Put me in for a dozen  Thanks.......


----------



## Wannafish (Jun 28, 2002)

I would be interested in the program, a dozen or not (depending on buyers) is fine with me. Need something more than what I have.


----------



## walleye express (Mar 16, 2004)

Wannafish.

It's not a program, just a one time opportunity if it all pans out. But you down if it does. :chillin:


----------



## lund-IFS (Jan 3, 2005)

Yes, I would be interested in a dozen of those. Let me know and keep us updated.

Thanks Don


----------



## youngbuck26 (Dec 31, 2004)

I would be interested...I need to stock up on some new lures anyways...if they dont work at least they will look cool and take up space lol

Thanks
Joe


----------



## Captain of the 4-C's (Sep 11, 2003)

I bet they might work great on Lakers too


----------



## Mad Jack (Jun 26, 2001)

Well if there is still room to get in i would like to check out a doz.

Thanks


----------



## walleye express (Mar 16, 2004)

That makes 18 guys including myself. I'm going to cut it off at 20. That leaves two more buyers who want in. Reason is that we're probably only going to be able to get 10 dozen instead of 20. So this will give all 20 interested 6 each. I'll explain the reason why in a later post.


----------



## Headhunter (Feb 6, 2002)

I would like in on the order please.


----------



## Hunt4Ever (Sep 9, 2000)

I'll take 6. Thanks


----------



## STEINFISHSKI (Jan 30, 2001)

I know there were 3 of us going to split the dozen we spoke up for.
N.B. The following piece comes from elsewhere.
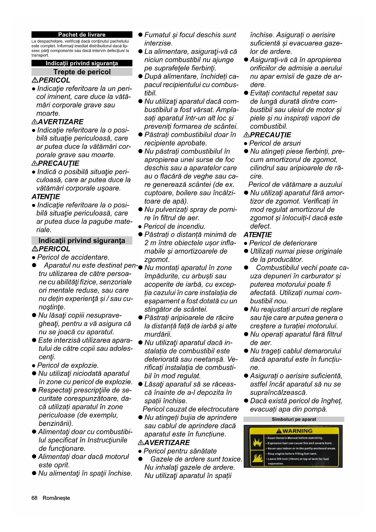 • Declaraţie de conformitate UE Româneşte Pachet de livrare La despachetare, verificaţi dacă conţinutul pachetului este complet. Informaţi imediat distribuitorul dacă lip- sesc părţi componente sau dacă intervin defecţiuni la transport. Indicaţii privind siguranţa Trepte de pericol PERICOL ● Indicaţie referitoare la un peri- col iminent, care duce la vătă- mări corporale grave sau moarte. 몇 AVERTIZARE ● Indicaţie referitoare la o posi- bilă situaţie periculoasă, care ar putea duce la vătămări cor- porale grave sau moarte. 몇 PRECAUŢIE ● Indică o posibilă situaţie peri- culoasă, care ar putea duce la vătămări corporale uşoare. ATENŢIE ● Indicaţie referitoare la o posi- bilă situaţie periculoasă, care ar putea duce la pagube mate- riale. Indicaţii privind siguranţa PERICOL ● Pericol de accidentare. Aparatul nu este destinat pen- tru utilizarea de către persoa- ne cu abilităţi fizice, senzoriale ori mentale reduse, sau care nu dețin experienţă și / sau cu- noştinţe. Nu lăsaţi copiii nesuprave- gheaţi, pentru a vă asigura că nu se joacă cu aparatul. Este interzisă utilizarea apara- tului de către copii sau adoles- cenţi. ● Pericol de explozie. Nu utilizaţi niciodată aparatul în zone cu pericol de explozie. Respectaţi prescripţiile de se- curitate corespunzătoare, da- că utilizați aparatul în zone periculoase (de exemplu, benzinării). Alimentaţi doar cu combustibi- lul specificat în Instrucţiunile de funcţionare. Alimentați doar dacă motorul este oprit. Nu alimentaţi în spaţii închise. Fumatul și focul deschis sunt interzise. La alimentare, asiguraţi-vă că niciun combustibil nu ajunge pe suprafeţele fierbinţi. După alimentare, închideți ca- pacul recipientului cu combus- tibil. Nu utilizaţi aparatul dacă com- bustibilul a fost vărsat. Ampla- sați aparatul într-un alt loc și preveniți formarea de scântei. Păstrați combustibilul doar în recipiente aprobate. Nu păstrați combustibilul în apropierea unei surse de foc deschis sau a aparatelor care au o flacără de veghe sau ca- re generează scântei (de ex. cuptoare, boilere sau încălzi- toare de apă). Nu pulverizați spray de porni- re în filtrul de aer. ● Pericol de incendiu. Păstrați o distanță minimă de 2 m între obiectele ușor infla- mabile și amortizoarele de zgomot. Nu montați aparatul în zone împădurite, cu arbuști sau acoperite de iarbă, cu excep- ția cazului în care instalația de eșapament a fost dotată cu un sting ător de scântei. Păstrați aripioarele de răcire la distanță față de iarbă și alte murdării. Nu utilizaţi aparatul dacă in- stalația de combustibil este deteriorată sau neetanșă. Ve- rificați instalația de combusti- bil în mod regulat. Lăsaţi aparatul să se răceas- că înainte de a-l depozita în spații închise. Pericol cauzat de electrocutare Nu atingeți bujia de aprindere sau cablul de aprindere dacă aparatul este în funcțiune. 몇 AVERTIZARE ● Pericol pentru sănătate Gazele de ardere sunt toxice. Nu inhalaţi gazele de ardere. Nu utilizaţi aparatul în spații închise. Asigurați o aerisire suficientă și evacuarea gaze- lor de ardere. Asiguraţi-vă că în apropierea orificiilor de admisie a aerului nu apar emisii de gaze de ar- dere. Evitați contactul repetat sau de lungă durată dintre com- bustibil sau uleiul de motor și piele și nu inspirați vapori de combustibil. 몇 PRECAUŢIE ● Pericol de arsuri Nu atingeți piese fierbinți, pre- cum amortizorul de zgomot, cilindrul sau aripioarele de ră- cire. Pericol de vătămare a auzului Nu utilizaţi aparatul fără amor- tizor de zgomot. Verificați în mod regulat amortizorul de zgomot și înlocuiți-l dacă este defect. ATENŢIE ● Pericol de deteriorare Utilizați numai piese originale de la producător. Combustibilul vechi poate ca- uza depuneri în carburator și puterea motorului poate fi afectată. Utilizați numai com- bustibil nou. Nu reajustați arcuri de reglare sau tije care ar putea genera o creștere a turației motorului. Nu operați aparatul fără filtrul de aer. Nu trageți cablul demarorului dacă aparatul este în funcțiu- ne. Asigurați o aerisire suficientă, astfel încât aparatul să nu se supraîncălzească. Dacă există pericol de îngheț, evacuați apa din pompă. Simboluri pe aparatRomâneşte 69 몇 AVERTIZARE Pericol de explozie, pericol de incendiu. Benzina poate provoca incendii sau explozii, dacă este manipulată în mod necorespunzător. Înainte de utilizarea aparatului, citiți acest manual de uti- lizare. Nu utilizaţi aparatul în spații închise sau pe suprafețe parțial închise. Înainte de alimentare, scoateți motorul din funcțiune. Alimentați numai până la 16 mm sub marginea superi- oară de alimentare, pentru a rămâne spațiu pentru dila- tarea combustibilului. 몇PRECAUŢIE Suprafeţe fierbinţi În timpul funcționării, instalația de eșa- pament devine foarte fierbinte și poate cauza arsuri. Evitați contactul cu instalația de eșapa- ment. 몇AVERTIZARE Pericol de vătămare a auzului și a ochilor. În cadrul utilizării aparatului, purtați ochelari de protecție și protecție auditi- vă. Descrierea aparatului Pentru imagini, vezi coperta Figura A 1 Comutator aparat 2 Demaror cu sfoară 3 Filtru de aer 4 Orificiu de umplere 5 Capac rezervor de combustibil 6 Rezervor de combustibil 7 Jojă de ulei 8 Şurub de scurgere a uleiului 9 Ieşire 10 Prize de aspirare 11 Șurub de scurgere a apei 12 Plăcuţă cu caracteristici 13 Robinet de combustibil 14 Manetă șoc 15 Manetă de accelerație Simboluri pe aparat Curățați filtrul de aer la fiecare 50 de ore, iar în cazul uti- lizării în atmosfere cu praf, curățați-l la fiecare 10 ore („Îngrijirea şi întreţinerea/Curățarea filtrului de aer”). Indicație cu privire la controlul nive- lului de ulei. Manetă șoc Manetă de accelerație P

Now it may only be a half dozen to split?


----------



## No Mas (Jul 9, 2003)

If someone else would be willing to split some up I too would be interested in some!! Half dozen would be perfect for me.

Tom


----------



## spendit (Dec 19, 2002)

I can always give something new a try once, or twice or pass it onto other club members :lol: If you have enough I will steal a few from headhunter


----------



## SCOE (Oct 30, 2001)

I would also be interested in buying these lures if it is not too late.

Thanks
SCOE


----------



## walleye express (Mar 16, 2004)

STEINFISHSKI said:


> I know there were 3 of us going to split the dozen we spoke up for.
> 
> Now it may only be a half dozen to split?



Stien.

Yes, and I'm sorry, but things have changed. I have to actually buy/get these customs after their produced, from a retailer at a retail bulk price, who has also seen the possibilities for their success on the Saginaw Bay and other places where the Gobi's are starting to become a prime forage fish for walleyes. But he didn't want to order 20 dozen of an untested lure, so we've agreed to spilt them. :sad: 

Going this route also takes the false insinuations and innuendoes off Dave Storm, and lays to rest the rumors that he's selling them to me for practically nothing and cutting the throats of his wholesalers. We can all thank one man for throwing a wrench in this deal and starting the lie about this. And sadly, I won't/can't be as eager to share things like this with all of you guys as much anymore either. But I'll do all I can to make sure this particular opportunity happens for us this time.  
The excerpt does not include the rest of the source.